# Zara-Leoni joins Team Gaspari.....



## Guest (Oct 20, 2008)

Dunno what to say about it so I'll just post the link....

Kinda blown away by who else am on here with lol!!

Gallery photos will be added soon...

Gaspari Nutrition


----------



## LeeB (Oct 5, 2011)

excellent stuff zara!!! magazine ads here you come!!


----------



## Guest (Oct 21, 2008)

Thank you Lee 

I seriously need to do well next year to follow this up... no messing lol. (no pressure either.... oooffftt!!)

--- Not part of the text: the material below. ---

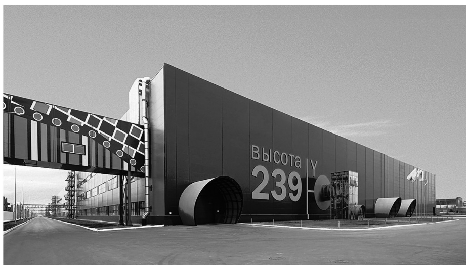
Рис. 8б. ЧТПЗ «Высота 239». Внешний вид

для промышленных объектов, и усиливает светотеневые эффекты на волнообразных акриловых панелях фасада. В качестве примера монохромного решения интерьера можно привести здание фармацевтического предприятия «Генхеликс Биофармасьютикал» (арх. бюро estudioSIC, Испания, 2011), интерьеры которого также полностью выкрашены в белый цвет.

Theres a popular local show in scotland the week before the NABBA but its the same weekend as the FAME expo.... am thinking the FAME thing might be a better option....


----------



## LeeB (Oct 5, 2011)

well if your planning on doing the nabba... might as well compete against some different people the week before at the fame rather than the same people that would be doing nabba? makes it more interesting that way!


----------



## Guest (Oct 22, 2008)

Yah that was kinda my thinking......

plus its a totally different kind of show etc etc.... variety is the spice of life and all that hehe...

Be good to get out of scotland too.... better dust the passport off hehe

EDIT: jst read the rules its a tested show.... lol


----------



## crazycal1 (Sep 21, 2005)

hehe youre top of the list of profiles too!

coolio!

great bod and hot too! :becky:


----------



## Guest (Oct 22, 2008)

I dunno if that might be just because I'm the most recent one lol


----------